### [INPUT DATA]
------------------------
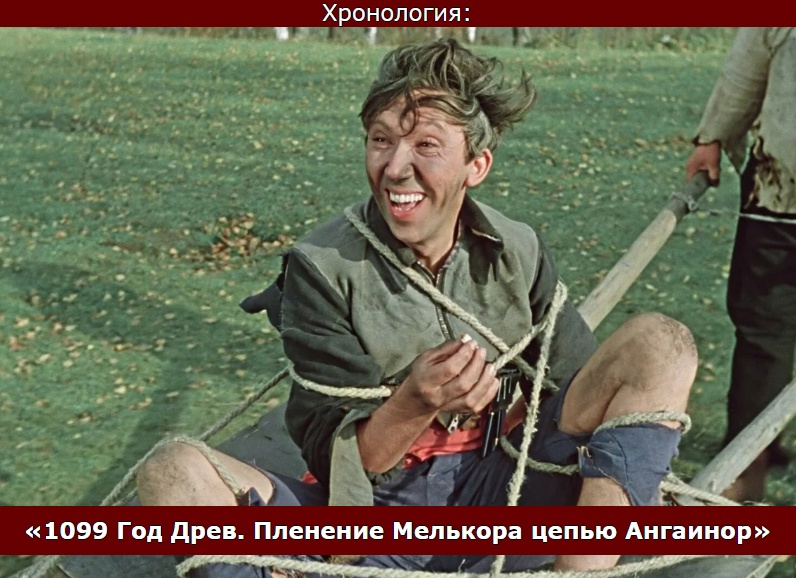 — Да хули, я сейчас расскажу, блядь — Пламя Удуна разгорится, потом будем тут, блядь… искажать всё. — У кого разгорится, у тебя что ли? — Ну а тебя что, не разгорится что ли? — С какого хуя у меня должно разгореться Пламя Удуна? От твоих историй что ли у меня должно Пламя Удуна разгореться? — Вдвоём сидим тут, блядь. — Ну давай, рассказывай, давай. — Ну… Древа выпилил, блядь, ну, два. — Угу. — С одной дурой. — Угу. — Ну, а потом она меня душила. — Бля, охуительная история просто. У меня просто Пламя Удуна так разгорелось, что, блядь, сейчас горы рушить буду. Всё что ли, просто душила и всё? — Ну быстро так, десять минут всего душила-то. А у неё потом сразу, блядь, паутина чёрт… чёрн… чёрная. Много паутины напрялося, она… ну когда самоцветы не ела просто… — Бляяя ну и истории у тебя! — Но я орать стал, блядь. Глаза закатил. Ну, завизжал, так, знаешь… Не знаю, чё нашло на меня. Визжал так, блядь, выл. — Охуительная история! — А потом это... визжал я, выл, и скалы это... раскололись, ну. А там старые кореша мои... балроги, ну... с прошлой войны прятались. Как давай кнутами дуру эту хлестать! А она это, ну, испугалась, газом чёрным перданула и свалила куда-то. Повезло, короче, ну. — Охуенно. — Ну ты лось, блядь, тебе такие истории… тоже такое, видимо, что-то было… Да ладно, ты меня всё время будешь смеяться… — Да не буду я смеяться, давай, рассказывай, как ты строил… Ангбанд. — Ангбанд, Ангбанд. Ну я Утумно потом вспоминаю, как там пещера, типа Агбанда такая… Не помню ничего… — Ну, Утумно. — Там я жил, блядь. Долго жил, кореша-балроги со мной, а с бабами напряг совсем... — А ты голубой? — Не-не, братишка, ты не подумай... мы не пидоры, блядь. Там это, ну... жарко очень было... и канализации не было совсем. — Так что же вы там, засрали всё? — Ну типа... ну все свои, привыкли уже... срали и ссали на самых нижних ярусах... там вообще жара как в бане, оно и высыхало всё моментом, только воняло сначала очень сильно, но мы привыкли, все свои типа. — Охуительная история! — Ну вот видишь! А потом всё равно ебаться охота стала, терпежу прямо нет... но ты не подумай, мы не голубые, мы получше придумали. Там южнее Утумно в лесу у моря эти появились... — Квэнди? — Да-да-да, эти самые, ну... Вот мы с балрогами их ловили, кто сильно далеко к северу заходил... ну и ты понял, братишка, да. И баб, и мужиков, и детишек — в пизду, в рот, в жопу, много малафьи налилося... — Бля, да они ж маленькие, а ты здоровый как мамонт, порвешь их всех! Это, блядь, не ебля, нахуй, это садизм какой-то! Фу, блядь! Фу, нахуй! — А они и лопалися, да... ну, рвалися и умирали. И тут я придумал сшивать их как было и это, ну... Пламенем Удуна оживлять, ну и потеха была, братишка! — Охуительная история... и что, ожили? — Прикинь, братишка, да! Только страшненькие какие-то стали и маленькие, ебать неохота совсем. Мы с балрогами придумали ими в солдатики играть — а они послушные такие... ну мы их, солдатиков, целую кучу понаделали и разводить стали, ну как этот мудак Оромэ собак своих разводит, ну. — Ебануться… — А чо ебануться-то? Знаешь как охуенно в солдатики играть? Первая колонна марширует, вторая колонна марширует... — Предел настал моих… моего внимания по отношению к тебе, всё. — Ну чё ты такой сердитый айнур-то, ну будьте людьми вы, й… ребята, я всегда вам говорю. Чего вы сразу начинаете? — Нет, я нихуя не начинаю, я от тебя вообще ничего не хочу, блядь, хочу, чтобы ты з
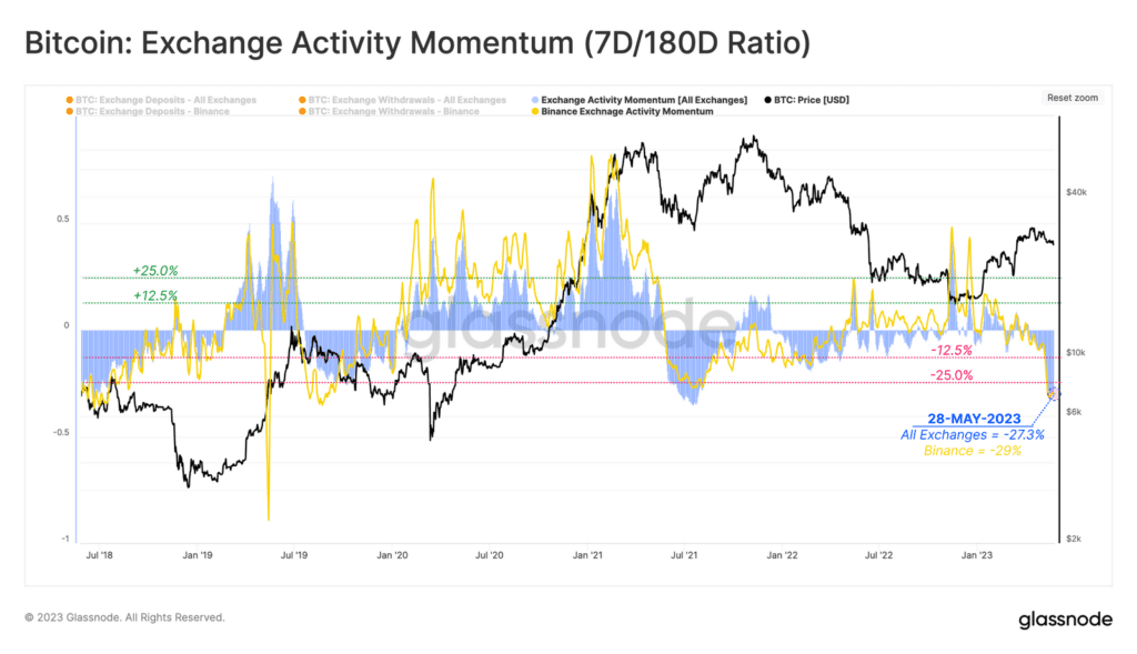 Źródło: GlassnodeWolumeny transferów w łańcuchu pozostają niskie. To przekłada się na ogólny spadek aktywności związanej z giełdami. Glassnode zestawia więc liczbę transakcji wpłat/wypłat na giełdzie ze średnią z 6 miesięcy. W ten sposób powstaje wskaźnik aktywności. Powyżej widać cykliczny trend aktywności giełdowej, a ostatnio aktywność spadła o ponad 27% w stosunku do średniej z sześciu miesięcy. Aby uwzględnić FTX, który zakończył działalności w listopadzie 2022 r., Glassnode dostrzega podobną dynamikę aktywności tylko dla Binance. Wskazuje to, iż aktywność inwestorów jest w tej chwili wyjątkowo niska.
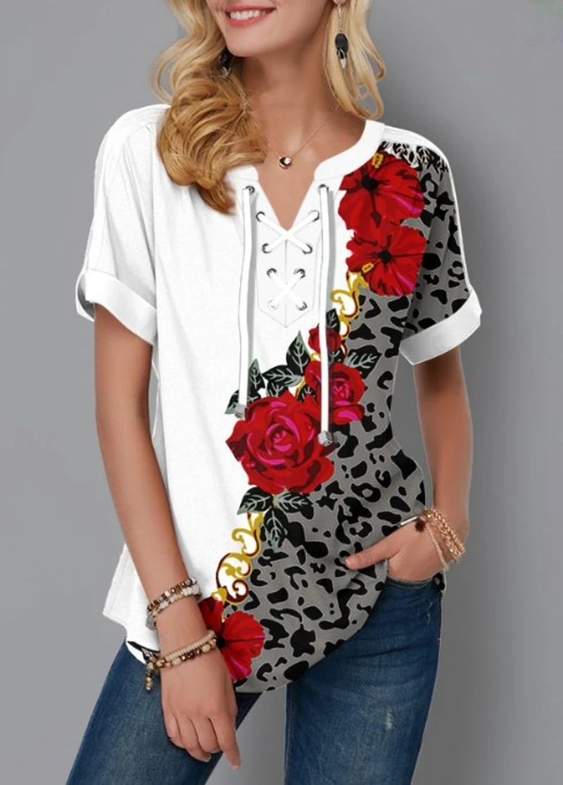 Женская футболка с коротким рукавом, летняя свободная футболка с цветочным принтом и V-образным вырезом
------------------------
### [WHAT YOU ARE ASKED TO DO]
Without any of its images, the data above should be returned exactly.

### [RESPONSE]
 — Да хули, я сейчас расскажу, блядь — Пламя Удуна разгорится, потом будем тут, блядь… искажать всё. — У кого разгорится, у тебя что ли? — Ну а тебя что, не разгорится что ли? — С какого хуя у меня должно разгореться Пламя Удуна? От твоих историй что ли у меня должно Пламя Удуна разгореться? — Вдвоём сидим тут, блядь. — Ну давай, рассказывай, давай. — Ну… Древа выпилил, блядь, ну, два. — Угу. — С одной дурой. — Угу. — Ну, а потом она меня душила. — Бля, охуительная история просто. У меня просто Пламя Удуна так разгорелось, что, блядь, сейчас горы рушить буду. Всё что ли, просто душила и всё? — Ну быстро так, десять минут всего душила-то. А у неё потом сразу, блядь, паутина чёрт… чёрн… чёрная. Много паутины напрялося, она… ну когда самоцветы не ела просто… — Бляяя ну и истории у тебя! — Но я орать стал, блядь. Глаза закатил. Ну, завизжал, так, знаешь… Не знаю, чё нашло на меня. Визжал так, блядь, выл. — Охуительная история! — А потом это... визжал я, выл, и скалы это... раскололись, ну. А там старые кореша мои... балроги, ну... с прошлой войны прятались. Как давай кнутами дуру эту хлестать! А она это, ну, испугалась, газом чёрным перданула и свалила куда-то. Повезло, короче, ну. — Охуенно. — Ну ты лось, блядь, тебе такие истории… тоже такое, видимо, что-то было… Да ладно, ты меня всё время будешь смеяться… — Да не буду я смеяться, давай, рассказывай, как ты строил… Ангбанд. — Ангбанд, Ангбанд. Ну я Утумно потом вспоминаю, как там пещера, типа Агбанда такая… Не помню ничего… — Ну, Утумно. — Там я жил, блядь. Долго жил, кореша-балроги со мной, а с бабами напряг совсем... — А ты голубой? — Не-не, братишка, ты не подумай... мы не пидоры, блядь. Там это, ну... жарко очень было... и канализации не было совсем. — Так что же вы там, засрали всё? — Ну типа... ну все свои, привыкли уже... срали и ссали на самых нижних ярусах... там вообще жара как в бане, оно и высыхало всё моментом, только воняло сначала очень сильно, но мы привыкли, все свои типа. — Охуительная история! — Ну вот видишь! А потом всё равно ебаться охота стала, терпежу прямо нет... но ты не подумай, мы не голубые, мы получше придумали. Там южнее Утумно в лесу у моря эти появились... — Квэнди? — Да-да-да, эти самые, ну... Вот мы с балрогами их ловили, кто сильно далеко к северу заходил... ну и ты понял, братишка, да. И баб, и мужиков, и детишек — в пизду, в рот, в жопу, много малафьи налилося... — Бля, да они ж маленькие, а ты здоровый как мамонт, порвешь их всех! Это, блядь, не ебля, нахуй, это садизм какой-то! Фу, блядь! Фу, нахуй! — А они и лопалися, да... ну, рвалися и умирали. И тут я придумал сшивать их как было и это, ну... Пламенем Удуна оживлять, ну и потеха была, братишка! — Охуительная история... и что, ожили? — Прикинь, братишка, да! Только страшненькие какие-то стали и маленькие, ебать неохота совсем. Мы с балрогами придумали ими в солдатики играть — а они послушные такие... ну мы их, солдатиков, целую кучу понаделали и разводить стали, ну как этот мудак Оромэ собак своих разводит, ну. — Ебануться… — А чо ебануться-то? Знаешь как охуенно в солдатики играть? Первая колонна марширует, вторая колонна марширует... — Предел настал моих… моего внимания по отношению к тебе, всё. — Ну чё ты такой сердитый айнур-то, ну будьте людьми вы, й… ребята, я всегда вам говорю. Чего вы сразу начинаете? — Нет, я нихуя не начинаю, я от тебя вообще ничего не хочу, блядь, хочу, чтобы ты з
 Źródło: GlassnodeWolumeny transferów w łańcuchu pozostają niskie. To przekłada się na ogólny spadek aktywności związanej z giełdami. Glassnode zestawia więc liczbę transakcji wpłat/wypłat na giełdzie ze średnią z 6 miesięcy. W ten sposób powstaje wskaźnik aktywności. Powyżej widać cykliczny trend aktywności giełdowej, a ostatnio aktywność spadła o ponad 27% w stosunku do średniej z sześciu miesięcy. Aby uwzględnić FTX, który zakończył działalności w listopadzie 2022 r., Glassnode dostrzega podobną dynamikę aktywności tylko dla Binance. Wskazuje to, iż aktywność inwestorów jest w tej chwili wyjątkowo niska.
 Женская футболка с коротким рукавом, летняя свободная футболка с цветочным принтом и V-образным вырезом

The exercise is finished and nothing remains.